What speaks loudest about the dynastic way in which Langley’s Trinity Western Spartans have once again reached the summit of Canadian men’s university volleyball this week at the U Sports national tournament?
It has to be that in the eyes of the rest of the country, they’ve simply accomplished what everyone thought they would.
You know the drill: A No. 1 ranking; a program-best 22-2 Canada West conference mark; a team with the opportunity to become the first in U Sports volleyball history to win three straight national titles since the Winnipeg Wesmen won four straight some 44 years ago, from 1970-71 thorough 1973-74.
Yet peel back the veneer and it’s pretty obvious that TWU’s most impressive feat as it heads into its U Sports national tournament opener Friday (5 p.m. PDT) at Hamilton’s McMaster University against the Windsor Lancers, is that despite drastic 11th-hour changes to their projected starting line-up in the fall, they have lost none of their sheen and missed not a beat on their way to being installed as tourney favourites.
Ask head coach Ben Josephson about it, about losing two blue-chip talents before the start of the Canada West season, thus fielding what is ultimately the youngest team in his 11-year tenure at the helm, and he immediately speaks to recalibration.
“We were headed into Year 3 of a four-year cycle, but instead we’re now in Year 1 of a four-year cycle,” says Josephson, who in the fall lost dominant fourth-year middle-blocker Aaron Boettcher to a season-ending injury, and lost starting front-row attacker Blake Scheerhoorn, who elected to leave to begin his pro career in Poland, despite the fact he still had a year of eligibility remaining.
“So this year’s team was going to be weaker than previously thought,” explained Josephson. “With those two, we thought we would be one of the best teams we’ve ever had. But we have also now looked at it from the programmatic standpoint, and this just makes us stronger in the long run.”
Of course getting Boettcher, one of the nation’s elite middles, back next season with two more years of eligiblity remaining while all around him, so much of the core group will be one year stronger, is already the theme of 2018-19.
Yet all eyes remain fixed where they should during national championship week, and that is on a Spartans’ team which has been able to lean especially heavy on returning 6-foot-5 U Sports Rookie of the Year Eric Loeppky and 6-foot-8 freshman Jesse Elser as part of a front row that also features 6-foot-6 third-year Jacob Kern, and 6-foot-5 rookie middle Jackson Howe who mans middle blocking duties along with 6-foot8 third-year man Pearson Eshenko.

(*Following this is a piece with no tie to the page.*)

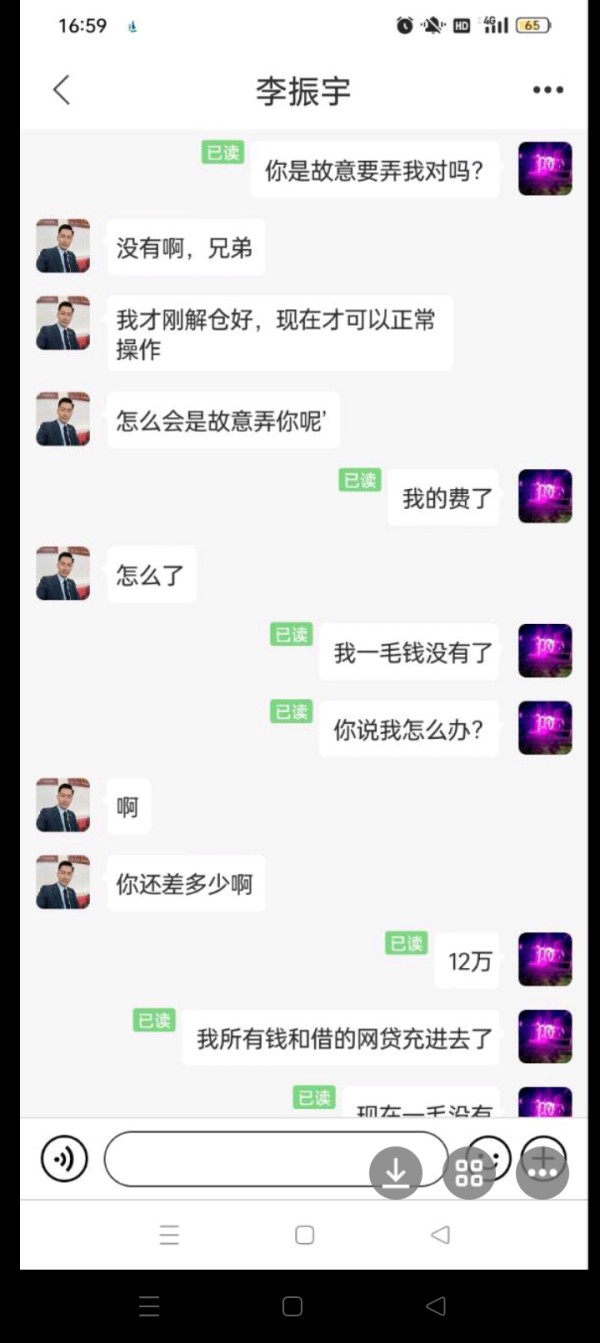 系统后台操作 双向锁单 不让平仓 幸亏朋友阻止没充 快手一个女拖加我qq好友 各种关心 诱惑我下载古转金来投资赚钱 抱着试试的态度跟着投点 这时候来一个骗子 说要加大本金投资 他一天帮我赚多少 总共投了14万 系统后台双向锁单 不让平仓 导致被骗 希望有关部门彻查林少华 李振宁 杨经理 3个大骗子 迟早被抓

Of course the reason it has all worked out, aside from the terrific talents and maturity of the Loeppky-Elser-Howe triumvirate, has been the steady, mentor-like role played by the team’s 6-foot-7 fifth-year senior setter and Canada West Player of the Year Adam Schriemer.
“Adam just upped his play this year,” said Josephson. “We looked at his numbers versus last season and he has better numbers this year with a younger team.”

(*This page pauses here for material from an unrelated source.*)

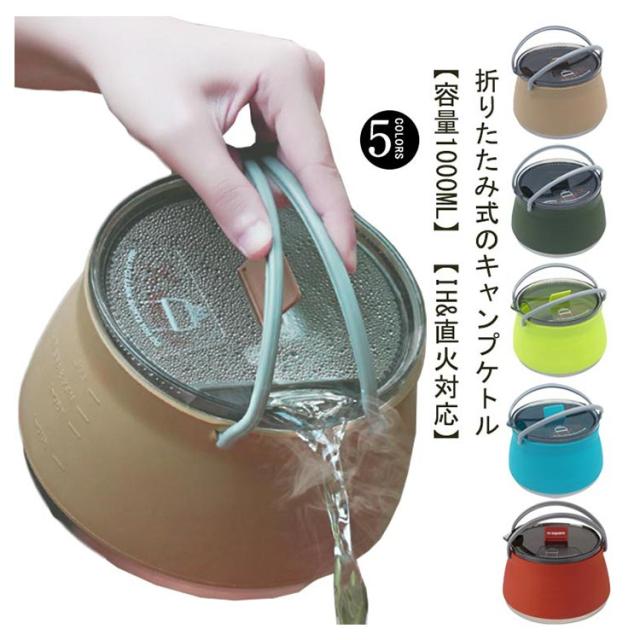 屋外 折り畳み 折りたたみやかん やかん 直火 アウトドア IH対応 シリコンケトル 1L キャンプ シリコン製 コンパクト 高速熱伝導 キャンプ キャンプ用品 携帯便利 超軽量 洗いやすい キャンプ用鍋 登山 釣り 旅行 野外活動 調理器具 家庭用 防災 防災グッズ

Trinity’s regular season was near perfect, its only losses coming at Brandon early in the season and then, as part of a split against its vastly-improved crosstown rivals, the UBC Thunderbirds (20-4), who are also a dangerous part of the national championship field.
The ‘Birds, who were ranked No. 2 in the last national poll, had to win the conference’s bronze medal game to qualify as a No. 3 seed. Head coach Kerry MacDonald’s team faces the New Brunswick Varsity Reds in their Friday (10 a.m. PDT) opener.
The Spartans and their so-called recalibration?
Josephson is a true archivist when it comes to treating each season as a chapter, examining its meaning before linking it with subsequent seasons as part of a much larger work.
He remembers how the most recent cycle began with 2015-16’s unexpected title, when the Spartans went from an unranked, sub-.500 team at the midway mark of the campaign to win the national title.
Last season’s team was expected to dominate and it did, and this season, with the likes of Boettcher, Scheerhoorn and Schriemer expected to dominate, the third chapter was supposed to be even stronger.
Instead, while the challenges have been greater, the rewards have reflected a long-term foundation for success.
“There has been nothing normal about the way those two kids have played,” Josephson says of Elser and Howe, the former a Calgary native who spent his Grade 12 year training at the national team’s Full Time Centre (FTC) in Laval. “I tell people I have two rookies and they all say ‘Those two are not rookies.’”
Both, like UBC rookie Fynn McCarthy, have been phenoms as freshmen.
“As a 17-year-old, Jesse was training against 23-, 24- and 25-year-old players,” reminds Josephson of Elser’s FTC experiences. “That was eye-opening for him, the amount of volleyball maturity it all brought.”
Howe, another Calgary native, brings a level of raw athleticism that is freakishly off the charts.
“At 6-foot-5 he is the highest toucher at 12-foot-2,” marvels the coach. “He is one of the most physically gifted athletes I have ever seen for strength, power and speed.”
Of course, who the Spartans do have playing for them also reminds them of who they don’t.
And while he isn’t able to suit up, the Surrey-Elgin Park star Boettcher is with the team in Hamilton, doing what he can to help his teammates get ready.
“We believe he is the best blocker we have ever had in our program,” begins Josephson, “and when we feel his loss the most is during (championship) week. Talking to him this morning, this is what he lives for, to play the biggest games under the brightest lights.”
Every positive step TWU takes marches them one step closer to history, like the fact that no team has ever won three straight Canada West titles, each of which has led to a national championship.
For a conference that dominates the sport, it is the ultimate sign of post-season consistency and Trinity Western is three wins away from achieving that mark.
And with that, Josephson remember 2015, the year senior outside hitter Nick Del Bianco carried a young Spartans team all the way to the national final where they were shellacked by a strong, tougher Alberta team 3-0 in the national final.
“A lot of our success has been built on the backs of that heartache,” he says. “The scars still run deep and that is what has made us tough.
“For us, this is Year 1 of the cycle, so we want our young players to keep their eyes open and just take it all in. Whatever it is that they learn this weekend, win or lose, they have to make it fresh and take those lessons forward because regardless of what the team does, it’s the program has to get better every year.”